Lacrosse is a sport growing in popularity, and also one that has opened up a new world for one Signal Mountain player.

Signal Mountain Middle School 7th grader Jay Hollis had a stroke at birth and suffered left side impairment.

But lacrosse has helped him score a victory over his mild cerebral palsy.Hollis plays middie on Signal Mountain’s lacrosse team.

During practice, his coach, Paul Fagan, shouts out instructions to him, “Now, Jay you go all the way through.”

When Jay gears up, he has difficulty getting his left glove on.His family realized when he was about four months old, his development delayed.But lacrosse has opened a whole new world.

Hollis said, “It’s like a miracle, like when I was a baby, I couldn’t walk that much and my hand kept on doing like this and just to see it now, that’s amazing.”

This is his first year playing.

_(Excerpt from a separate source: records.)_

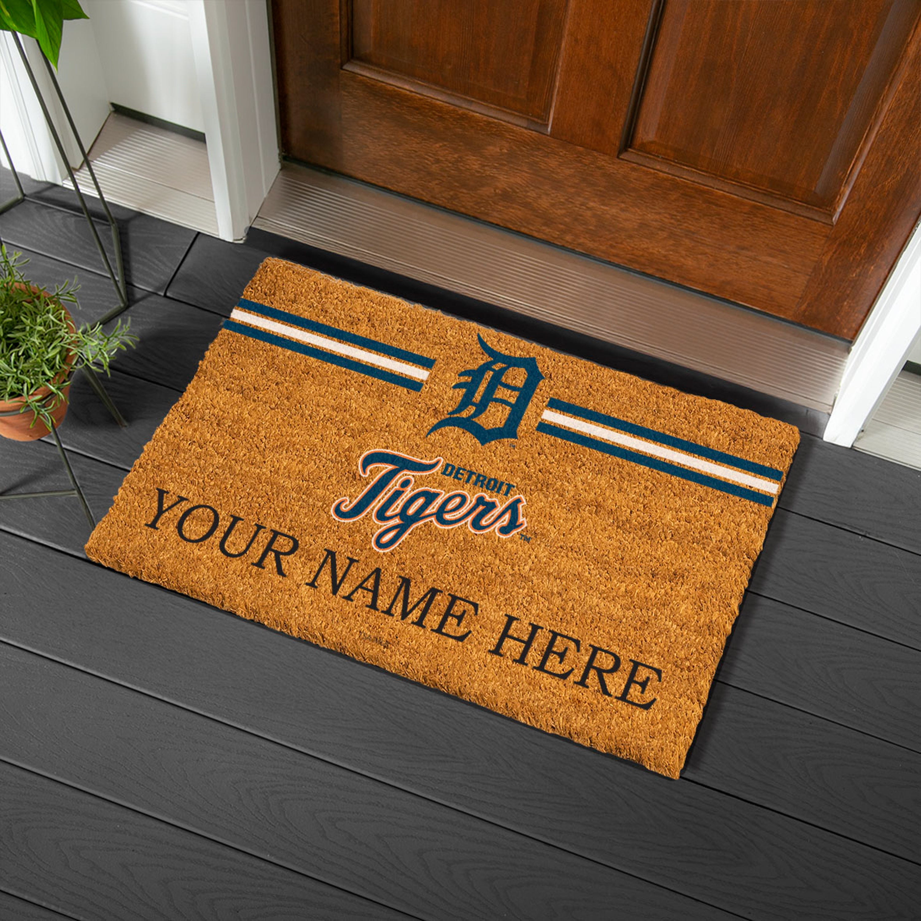 Detroit Tigers Personalized Mat, Natural Coir with Color Logo, 30" x 18"
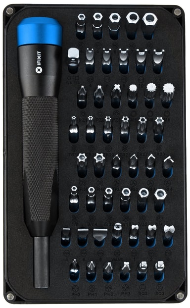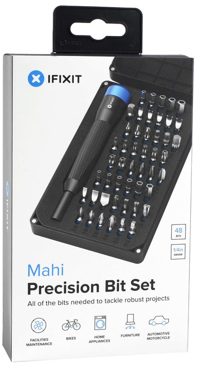 iFixit Mahi 48-bit precision skruvbitskit innehåller 48 olika bits för alla dina reparationsprojekt. I satsen medföljer handtag som gör arbetet lättare. Detta kit passar arbete med datorer eller andra elektroniska reparationsarbeten.
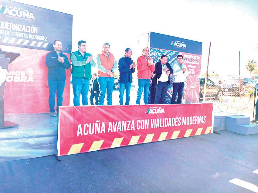 Bajo el lema Acuña avanza con vialidades modernas, el alcalde Emilio Alejandro de Hoyos Montemayor, realizó ayer la entrega de los trabajos de rehabilitación en el Libramiento José de las Fuentes Rodríguez, obra para la que se destinó una inversión de 11.9 millones de pesos. Al destacar, que con la entrega de los trabajos terminados se avanza en cumplir el compromiso de mejorar las vialidades de esta frontera, De Hoyos Montemayor insistió en que éstas son parte de las acciones con las que se busca poner fin al rezago histórico que existía en la ciudad en materia de pavimentación y rehabilitación vial.
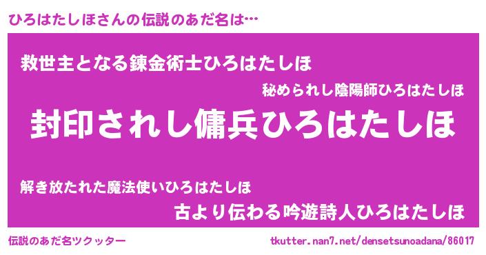 | ヘコむあだ名 | 『ひろにゅー』『ひろはたしほ(遠い目)』 |
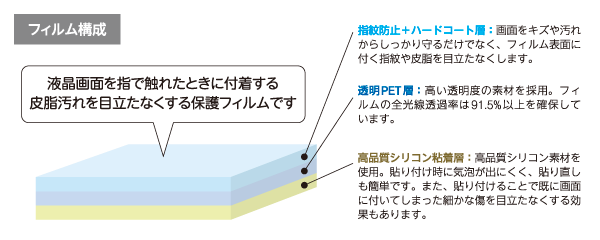 手で触れる機会が多いボタン操作部と本体外側には、指紋防止タイプのフィルムを採用。ハードコート処理を施した高透明度フィルムに、表面に付いた指紋が目立ちにくいコーティングを施しています。さらに、付いてしまった指紋や皮脂も付属の抗菌クリーニングクロスで簡単に拭き取ることができます。
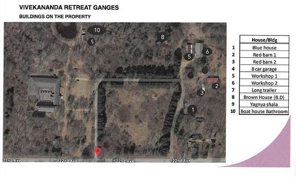 Just east of Blue Star Highway on the north side of 122nd Ave. Enter property where the retreat center signage is located.
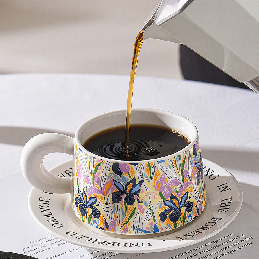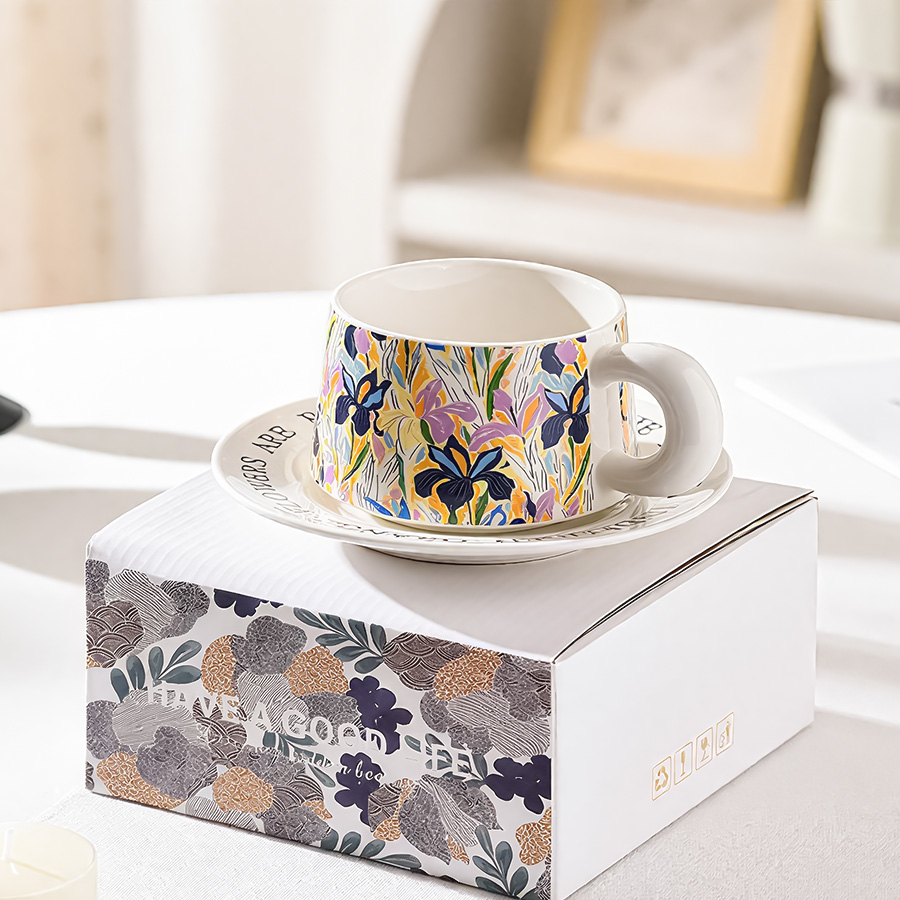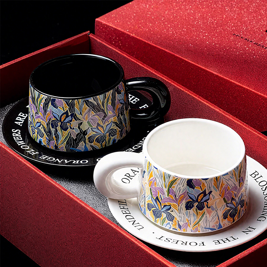 陶瓷杯 浮雕碎花

Before taking on lacrosse, running – with the pumping motion of the hands and arms – was difficult. His mother, Julie Hollis, said lacrosse has been a blessing. “And that’s one of the huge improvements we’ve seen through his lacrosse because he holds a stick to run with. So we’ve noticed vast improvement in his speed and agility because he’s had something to give him that stability and balance.”

His close friend Davis Payne encouraged him to play and he finds support through his twin sister. “Again my sister’s a big friend of mine, she just helps me every day. I’m glad for it.”